Die Studie trägt durch ihren nüchternen Blick auf die (De-facto‑)​Praxis sicherlich zur empirischen Erdung pastoraler Umstrukturierungspro­zesse bei, wie sie derzeit in allen Bistümern ablaufen. Sie identifiziert und beleuchtet pastorale Grundentscheidungen, die in großen pasto­ralen Räumen anzugehen sind, und erläutert die Bedingungen, unter denen sie ablaufen.

Wie der Aufsatz von Johannes Schaller deutlich macht, fokussiert die Studie dabei deutlich, indem insbesondere Hauptamtliche mit ihrer Sichtweise in den Blick kommen. Eine solche Konzentration ist legitim – sie kann ja immer noch durch weitere Studien ergänzt werden. Den­noch: Scheint dem Rezensenten die Perspektive der Ehrenamtlichen, von denen ja einige befragt wurden, schon etwas schwach vertreten zu sein, so kann er sich erst recht nicht des Eindrucks erwehren, dass die Hauptamtlichen ziemlich stark als die „Macher“ in den Pfarreien er­scheinen, die ihr Programm planen und durchführen. Auch wenn die wachsende Bedeutung der Ehrenamtlichen erkannt ist (117–121), auch wenn der Eindruck vielleicht dem Studiendesign geschuldet ist, auch wenn sich hier die pastorale Realität widerspiegeln mag: Vielleicht liegt hier auch eine Problemanzeige verborgen.

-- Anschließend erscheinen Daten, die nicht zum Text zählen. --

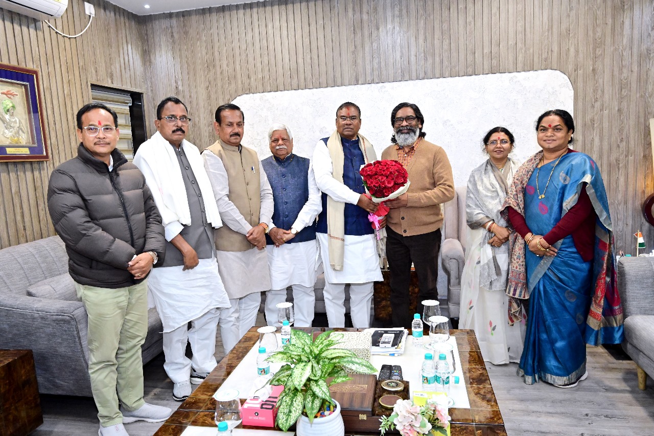 मुख्यमंत्री श्री हेमन्त सोरेन से रांची के अध्ययन भ्रमण पर आए अनुसूचित जाति एवं अनुसूचित जनजाति के  कल्याण हेतु गठित सात सदस्यीय संसदीय समिति के सदस्यों ने शिष्टाचार भेंट की। इस संसदीय समिति के अध्यक्ष एवं लोकसभा सदस्य डॉ फग्गन सिंह कुलस्ते  के साथ सदस्य डॉ मल्लू रवि (लोकसभा सांसद), वीडी राम (लोकसभा सांसद), प्रतिमा मंडल (लोकसभा सांसद), रवांग्वरा नारज़ारी (राज्यसभा सांसद), फूलो देवी नेताम (राज्यसभा सांसद) और देवेन्द्र प्रताप सिंह (राज्यसभा सांसद) शामिल थे।
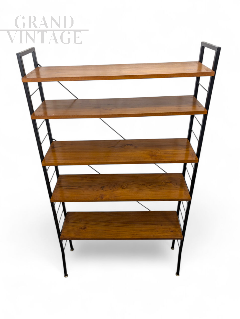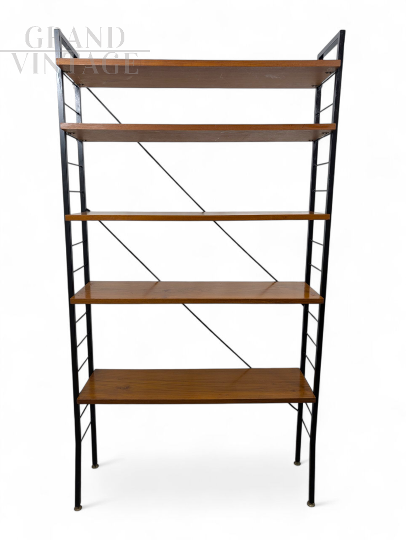 Vintage Swedish open bookcase with 5 shelves in teak wood and with black lacquered iron upright structure, 1960s. Excellent condition, light signs of aging.

Insgesamt zeigt die Studie sehr schön auf, wie sich – trotz struktureller Hindernisse – Stück für Stück und gerade im informellen Bereich die pastoralen Berufs- und Leitungsrollen wandeln. Ob sich hier – ange­sichts massiver Abbrüche beim hauptamtlichen Personal in den nächsten Jahrzehnten – bereits Ansätze einer langfristigen Zukunfts­fähigkeit entwickeln, bleibt aber die große Frage, die die Studie weder beantworten will noch kann.